The difference between HPC and non-HPC systems on the list is striking. InfiniBand from Mellanox accounts for 62 percent share of the compute clustering of the true HPC systems on the June 2017 Top 500 list (179 out of 290 machines), compared to only 39 percent for the overall list (179 out of 500). The InfiniBand rankings have to be adjusted to include two systems from China, the number one ranked TaihuLight system and the number two ranked Tianhe-2 system, both of which claim to have proprietary interconnects but which are using Mellanox InfiniBand with a slightly different software stack. And despite Intel’s marketing message, a credible case can be made that the 38 Omni-Path systems on the current Top 500 list should be counted as InfiniBand because they are more like QLogic’s InfiniBand setup than Cray’s Aries interconnect. So really, you could say that InfiniBand has an even larger share of the true HPC machines than it looks like at first glance.

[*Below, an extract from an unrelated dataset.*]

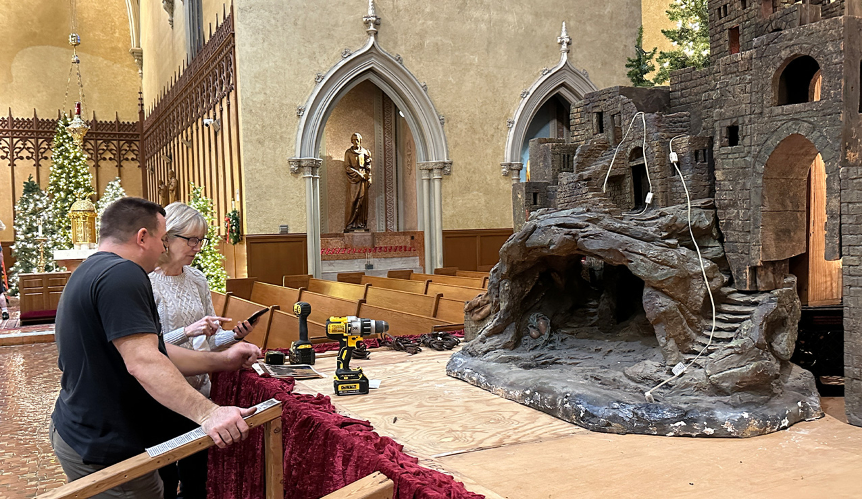Father Sean Ralph, cathedral rector, guided volunteers as they carefully placed the figures around the elaborate setting that was created to resemble what Bethlehem would have looked like at the time of Jesus’ birth.
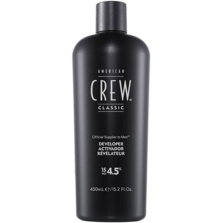 American Crew - Precision Blend - Developer 4,5% (15 Vol) - 450 ml is ideaal voor wie graag de verschijning van grijze of witte haren wil verminderen. Als onderdeel van de bekende Precision Blend lijn, biedt dit product een uitkomst voor het optisch terugdringen van verminderde pigmentatie in je haar. Niet alleen zorgt deze developer voor een natuurlijke 'gray blending', maar hij verhoogt ook het volume, waardoor je haar er voller uitziet. Elke fles biedt voldoende voor ongeveer 11 behandelingen, waardoor je langdurig kunt genieten van professioneel ogende resultaten. American Crew Precision Blend Developer werkt samen met de Precision Shades om tot een natuurlijk ogende haarkleur te komen die jouw persoonlijke stijl accentueert. Het gebruiksvriendelijke systeem is geschikt voor elk haartype en zorgt ervoor dat je de kleur behoudt die je verkiest, terwijl je je haar gezond houdt.

Our point is that, historically speaking, InfiniBand was used on between 45 percent and 50 percent of the machines on the Top 500 list, and now, if you ignore those two Chinese systems (which you shouldn’t) and don’t call Omni-Path InfiniBand (which you also shouldn’t), and then you allow a flood of non-HPC systems onto the list, it makes it look like InfiniBand is losing share.
What can be honestly said is that the Top 500 list has an increasing number of non-HPC system on the list, and that includes the InfiniBand using DGX-1 cluster at Facebook, which ranks as number 31 on the list – unless you already consider machine learning an HPC workload. At least the exactly the same configured DGX-1 system at Nvidia is being used for circuit design, and unless Facebook is using its system to design VR helmets or other products, then it really is a deep learning machine. Someone can start a Deep Learning 500 list, we suppose. But that misses the point. The Top 500 is supposed to represent real HPC machines that run real simulation and modeling workloads, not just any machine that happens to run the Linpack test. We can have a Data Analytics 500 and a Web Serving 500 and a Web Caching 500 and a Network Function 500 or whatever, too. But the machines that run these workloads do not belong on the Top 500.
Moreover, by allowing the big machines from hyperscalers, cloud providers, and telecommunications giants onto the list, this pushes out the real industrial and academic clusters that are used for proper HPC workloads and that would allow us to get a better sense of what is actually happening in HPC. Taking these non-HPC systems off the list and putting back the smaller HPC systems on the list would show that the HPC market is not growing its capacity as fast as it should be.
This brings up a final point. Once a machine has been tested running Linpack for the Top 500, it should stay on the list until it is unplugged. There should be a full list of all machines, ranked out to 20,000 if necessary, of all of the machines that have been tested and that are still installed. This broader dataset would be very useful – particularly if the non-HPC machines were segmented away and it was recreated as a pure HPC list in some fashion. By doing this, we would not only get a better sense of what is happening and what has happened in HPC networking, but we would also better understand HPC compute.
One last final point: It wouldn’t hurt to add in data for the storage on the systems, either, but in the long run, we think that the merger of AI and HPC workloads and the advent of persistent memory technologies like 3D XPoint and nearly memory technologies like flash over NVM-Express could very well obviate the need for parallel file systems as we know them.